Живые и мертвые, стр. 37

Серпилин надел фуражку и молча пожал руку каждому из артиллеристов. Потом показал на могилу и отрывисто спросил:

— Как фамилия?

— Капитан Гусев.

— Не записывай. — Серпилин увидел, что Синцов взялся за планшет. — И так не забуду до смертного часа. А впрочем, все мы смертны, запиши! И артиллеристов внеси в строевой список! Спасибо за службу, товарищи!
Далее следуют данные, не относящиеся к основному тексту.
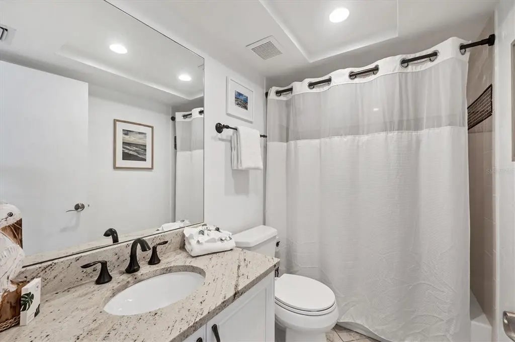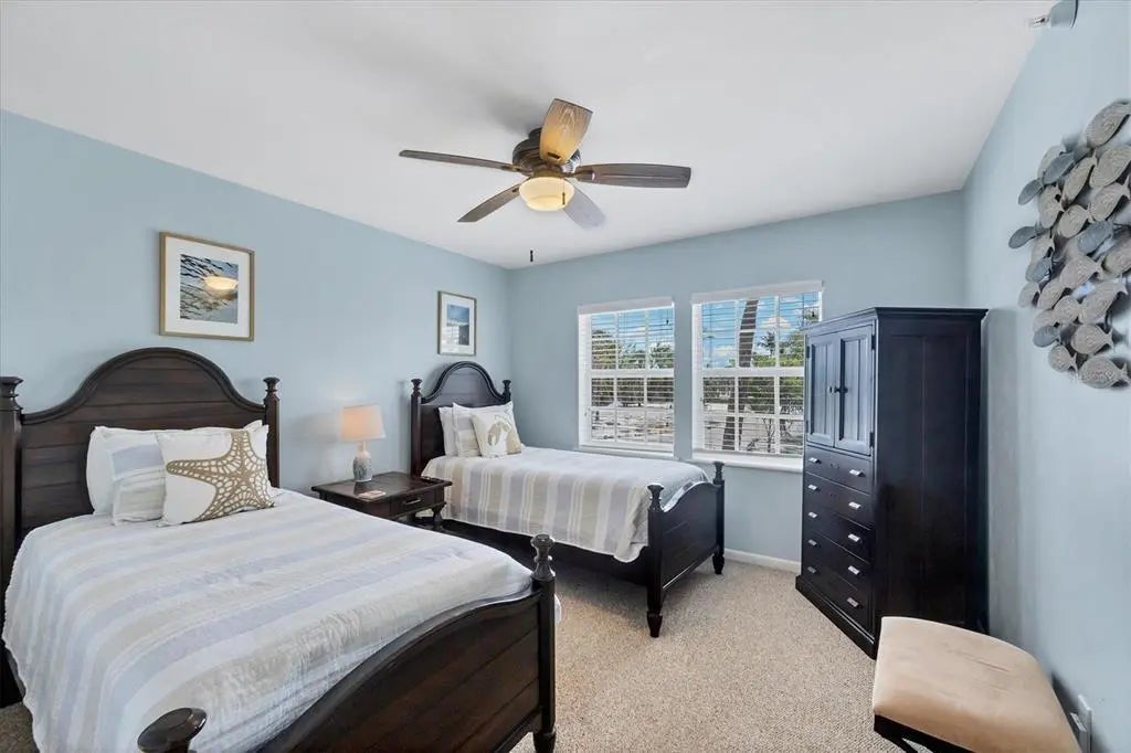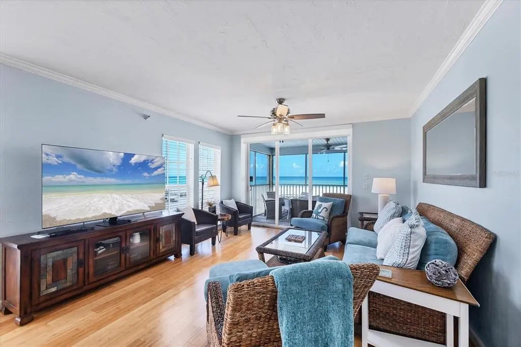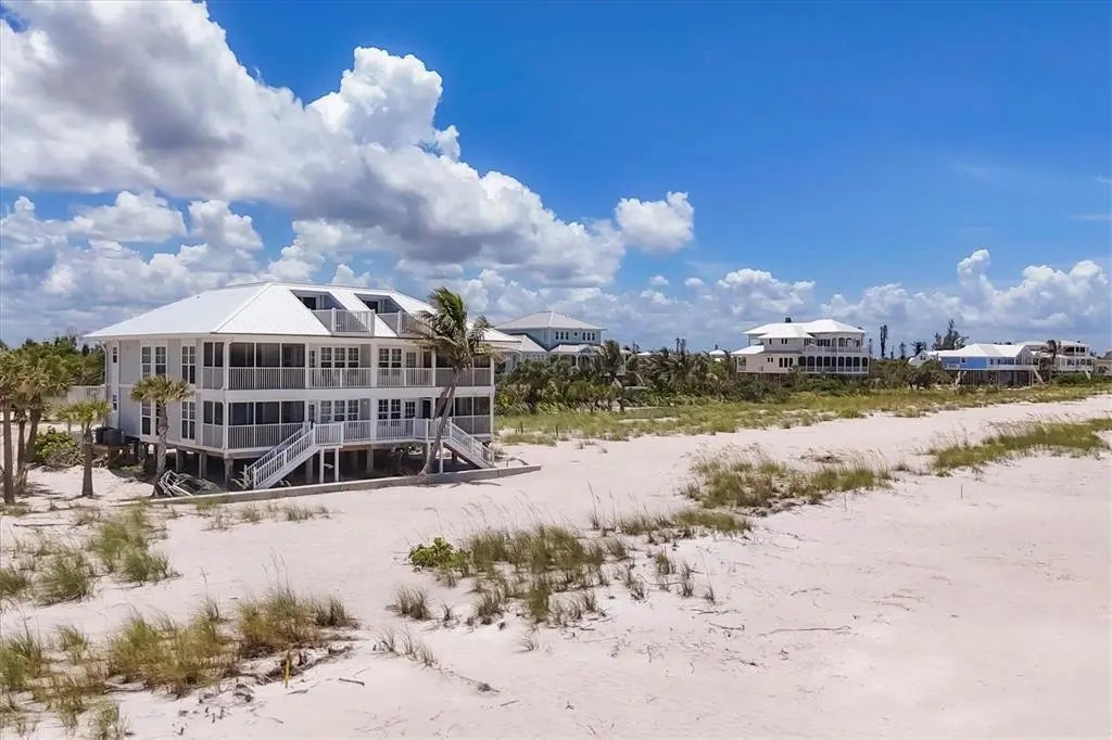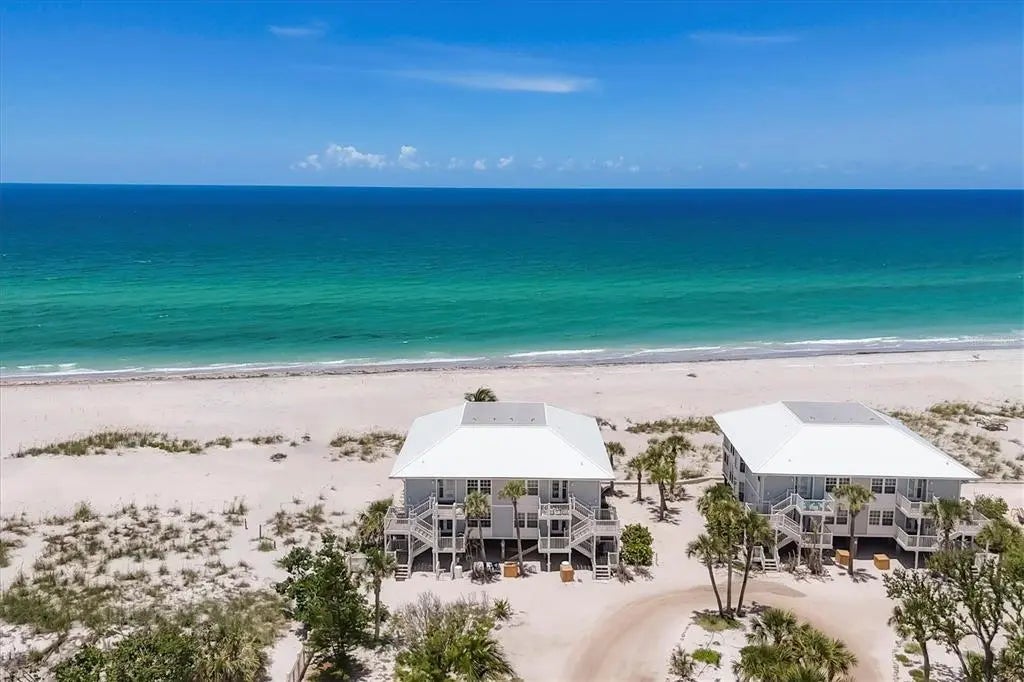 This without a doubt is the MOST SPECTACULAR 2-bedroom 2-bathroom villa with unobstructed coastline views on beautiful Palm Island! Within a few steps of exiting your beachfront lanai you're on the beach basking in the sun, collecting seashells and shark teeth, and watching the dolphins and manatees play. The beach is so quiet and quaint it will feel as if you are the only one living on Palm Island. Entertain your friends and family from your back porch and watch the amazing colorful sunsets that can only be seen from your covered screened in lanai. The long miles of beach views are endless from your primary bedroom, dining room, kitchen and covered lanai. This 1232 square foot home comes completely furnished and has had recent major improvements including: new AC unit installed (2021), new quartz countertops and stainless steel sink in kitchen (July 2022), new granite bathroom countertops and sinks (July 2022), freshly painted cabinets in both bathrooms (July 2022), new paint throughout the entire villa (July 2022), NEW flat screen televisions in ALL rooms including family room (60” inch) and both bedrooms (2022) , new fans installed throughout entire unit (July 2022), new sea turtle approved roller shade in family room (September 2022), new hot water heater (2022) and a NEW ROOF . The villa has been recently redecorated (July 2022) and can also be used as a rental within Palm Island Resort if so desired. This home has bamboo floors in the main living areas with tile in the kitchen and bathrooms. There is a comfortable king-sized bed in the primary bedroom with private en-suite and dual built-in closets. The second bedroom includes two twin-sized beds with built-in closets. Two additional closets within the unit provide ample space for any extra pool/beach accessories. The kitchen has slow-close cabinets and is fully stocked for all your cooking needs. The laundry room with a stacking washer/dryer, mini fridge, storage cabinet, and sink and window with beach view, so makes doing laundry FUN! Extras outside the villa is a outdoor shower, two-foot showers, and deck box to hold beach chairs and beach canopies. This golf cart only friendly island includes a community pool, restaurant at Palm Island Resort (Rum Bay), tennis courts, spa/workout center, boat docks, 24-hour security, and many other amenities to be enjoyed! A short ferry ride is all it takes to get to this incredible private oasis. No matter where you are on Palm Island, you will never regret owning this little piece of paradise.
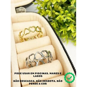Anel feminino corações vazados delicado moderno minimalista prata dourado aço inox tipo falange Cor: prata Tamanho: 13 Anel feminino corações vazados delicado moderno minimalista prata dourado aço inox tipo falange Anel feminino é uma ótima opção para ficar na moda e dar um up no visual. Com material de aço inox, é perfeito para todas as ocasiões. Ideal também para presentear um amiga ou namorada. Anel aço inox, não descasca e não enferruja, podendo usar diariamente. ===================================== Fotos reais do produto na galeria Modelo a prova d'água, podendo usar em piscinas e praias, não descasca, não escurece, não perde a cor Detalhes técnicos: Marca: visujóias Modelo: anel delicado Espessura anel: 5mm Incluso: 1 unidade anel Material: aço inoxidável. Código do produto sku : 3521 : 6 meses. Todas as peças possuem tratamento antialérgico. =============================================================================== P:minha compra é segura R:toda compra que é feita aqui está em ambiente seguro, isso significa que se caso ocorra algum imprevisto faremos o estorno de seu pagamento. R: sim. P: produto é a prova d'água R: sim, pode usar em piscinas e praias que não escurece. P: tem R: sim, todos os nossos produtos tem de 6 meses, contra defeitos de fabricação. Todas as informações de cuidados são enviados junto com o produto. P: posta em quanto tempo P: posso trocar se não servir R: sim, enviamos nosso contato junto com o produto para orientação sobre troca. P: posso devolver se não gostar R: sim, caso não goste do produto é só entrar em contato conosco que iremos orientá-lo como efetuar a devolução. Dúvidas Pergunte à vontade, estamos aqui. ficaremos felizes em responder rapidamente. Aguardamos sua compra e estamos ao seu dispor : Marca: Não Informado Ean: 7732647223315

А ваш последний снаряд, думаю, выпустим еще сегодня ночью, в бою.

Среди стоявших вместе с артиллеристами бойцов Хорышева Серпилин давно уже заметил седую голову Баранова, но только сейчас встретился с ним взглядом — глаза в глаза и прочел в этих не успевших спрятаться от него глазах страх перед мыслью о будущем бое.

— Товарищ комбриг, — из-за спин бойцов появилась маленькая фигурка докторши, — вас полковник зовет!

— Полковник? — переспросил Серпилин. Он сейчас думал о Баранове и не сразу сообразил, какой полковник его зовет. — Да, идем, идем, — сказал он, поняв, что докторша говорит о Зайчикове.

— Что случилось? Что ж меня не позвали? — огорченно сжав перед собой ладони, воскликнула докторша, заметив людей, столпившихся над свежей могилой.

— Ничего, пойдемте, поздно вас звать было! — Серпилин с грубоватой лаской положил ей на плечо свою большую руку, почти насильно повернул ее и, все еще держа руку на ее плече, пошел вместе с нею.

«Без веры, без чести, без совести, — продолжал он думать о Баранове, шагая рядом с докторшей. — Пока война казалась далекой, кричал, что шапками закидаем, а пришла — и первым побежал. Раз он испугался, раз ему страшно, значит, уже все проиграно, уже мы не победим! Как бы не так! Кроме тебя, еще капитан Гусев есть, и его артиллеристы, и мы, грешные, живые и мертвые, и вот эта докторша маленькая, что наган двумя руками держит…»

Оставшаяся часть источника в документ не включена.